# How Hard is Fly Fishing?



## big rockpile (Feb 24, 2003)

Ok I can catch Trout with bait and UL Spinning with Spinners.

I have never learned Fly Fishing but several on the river do.I'm thinking if we get into our New Business it would be at my advantage to learn Fly Fishing so I know what I'm talking about when someone comes in wanting to know.

How hard is it to learn?

big rockpile


----------



## OH Boy (Dec 22, 2010)

Not hard to learn but may take a lifetime to learn everything there is to know about it. I used to flyfish for trout when I lived out west in Colorado and I have also used the fly rod for bluegills and sunnies here in Ohio. You can take it as casually or seriously as you wish.


----------



## didaho (Jan 22, 2008)

I don't find it hard at all. The main thing for me was learning to cast without hitting the ground(ruined many a flies till I got it right). After I learned that it was great. Feeling a strike fly fishing is different and reeling it in is more fun than using a casting rod.


----------



## EDDIE BUCK (Jul 17, 2005)

I use to fly fish for bluegills when they were bedding.Theres no more exciting way to catch them.Using floating line and learn to roll it on the water to place the bait right where the fish are.
I know absolutely nothing about fishing for trout.Probably a completely different technique and surroundings altogether.


----------



## Tall Grille (May 4, 2011)

The only way to learn is practice. Have an experienced fly fisher give you a quick lesson, then go find a quiet spot on the river to practice. Don't worry about catching anything at first. Just work on your casting. I take a four day trip to northern NH once a year, we fly fish for three days, I spend the first two days regaining my cast then catch a few trout on the third day.
You can practice your cast in the yard by tying a small piece of a bright colored yarn on the end of the fly line.
I would also recommend keeping a spare reel in your vest.
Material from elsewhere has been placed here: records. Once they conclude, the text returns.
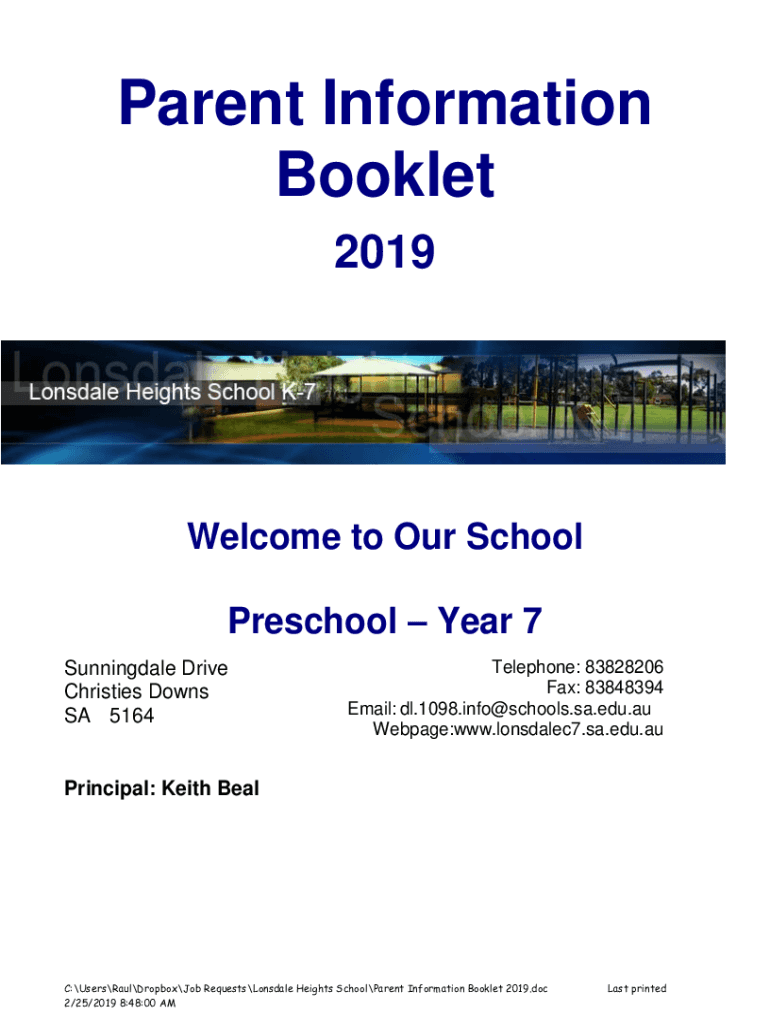 Parent Information Booklet 2019Welcome to Our School Preschool Year 7 Sunning dale Drive Christie's Downs SA 5164Telephone: 83828206 Fax: 83848394 Email: DL.1098.info schools.SA.edu.AU Webpage:www.lonsdalec7.sa.edu.auPrincipal:
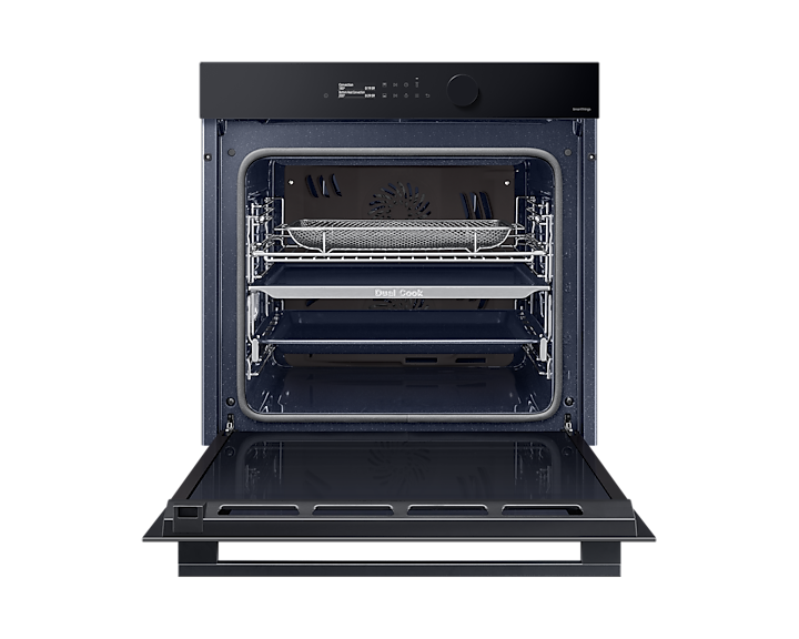 Духовий шкаф Samsung NV7B5645TAK/WT поєднує в собі сучасні технології та стильний дизайн, пропонуючи безліч можливостей для приготування їжі. Ключовою особливістю є система Dual Cook, яка дозволяє готувати два різні страви одночасно, використовуючи незалежні зони духовки. Це оптимальний варіант для ефективного приготування, коли потрібно різнобічно підходити до процесу готування.
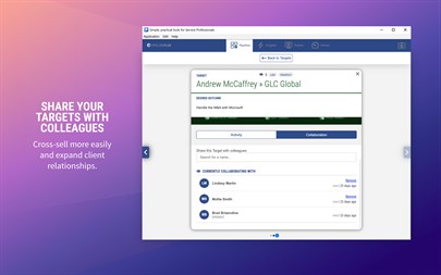 2. SHARING. Collaborate with colleagues to close more business deals. Easily cross-sell, expand client relationships, and gain better visibility into your business opportunities.
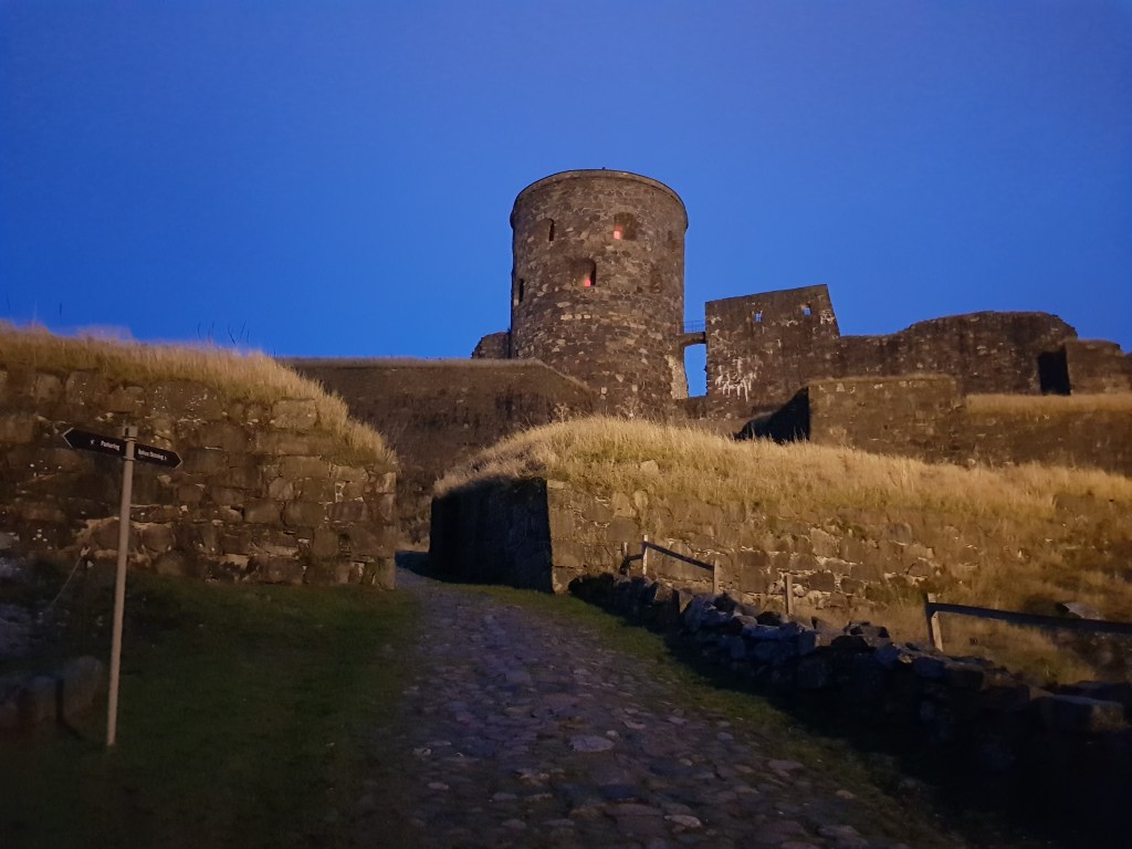 Bohus fästning tillhör en liten skara befästa platser i världen som aldrig erövrats. Det gäller därför att smyga när man är i närheten av dessa mäktiga murar, försvararna kanske är vakna och har gamla Bettan laddad och klar.. Men inga pilar haglade ned från höjden och inte ens de beryktade fårvakterna behagade visas sig. Men själva borgkullen erövrades naturligtvis inte så Bohus borggård står ännu på listan av platser att erövra.
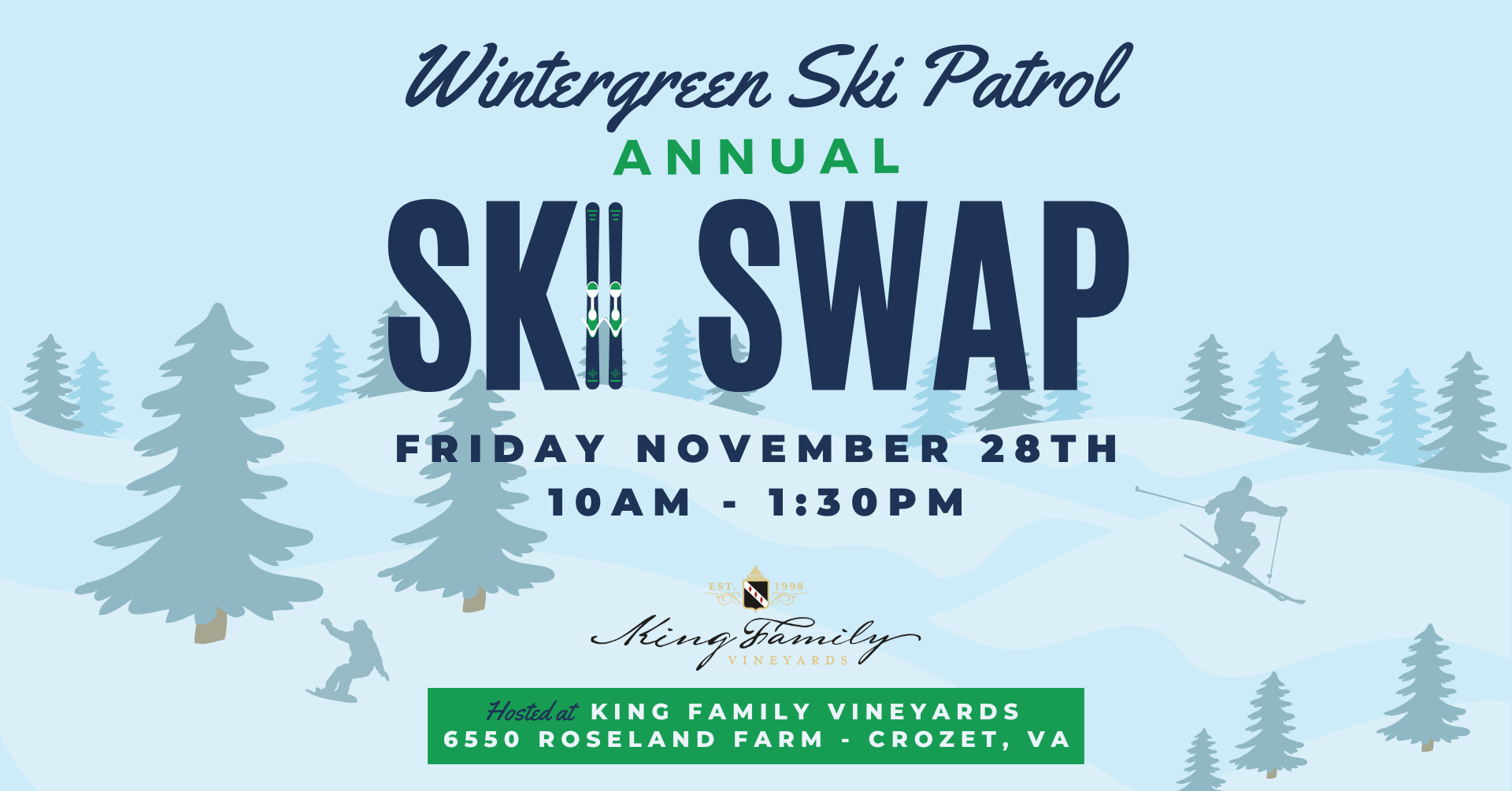 Join us for Wintergreen Ski Patrol's annual ski swap -- the day after Thanksgiving -- at King Family Vineyards!

There is nothing worse then spending an hour out in the river untying a wind knot. Save that for around the campfire after a day of fishing.


----------



## Capt Quirk (Sep 24, 2011)

The hard part is baiting those tiny hooks, but flies will go after almost any bait. Setting the tiny hook is another issue altogether...


----------



## pancho (Oct 23, 2006)

Not hard at all.
String out a little line, sling the pole back and forth a few times, then spend a while getting the line and fly out of the trees.
Didn't catch many fish though.


----------



## jwal10 (Jun 5, 2010)

Not hard at all once you have the casting technique. Most times when you see the constant motion is people trying to place the bait in calm water. On the river, cast up stream of the fish and let the bait go to the fish, much easier. I don't cast any more than with a conventional reel. I find fly fishing for bluegill even more calming on my pond than other methods. If you tie your own flies it is so rewarding to catch a fish, no matter the size....James


----------



## Wintergrower_OH (Sep 21, 2010)

Certain learning curve on what style of flyfishing (nymph , dry vs wet flies , etc ) . style that are popular are french nymphing , high stick and spey casting (two hand ) . Rods are starting to specialize in what style of fishing you plan to do . The size of stream , creeks and rivers matter on length and weight ( 5wt , 9' 5" ) matter . Don't go hog wild on $ on rod and reels at first . Plenty of american made rods and reels out their . Get to know when may flies , etc are plentiful during what part of the season. This changes according to what part of the country you are in .


----------



## rags57078 (Jun 11, 2011)

carefull with the whip LOL and if you hear a crack like a whip you may as well stop and tie another fly on


----------



## Bearfootfarm (Jul 13, 2006)

I made the biggest catch of my life with a flyrod

A Shetland Pony walked up behind me without me knowing it, and I hooked him in the nose on a backcast.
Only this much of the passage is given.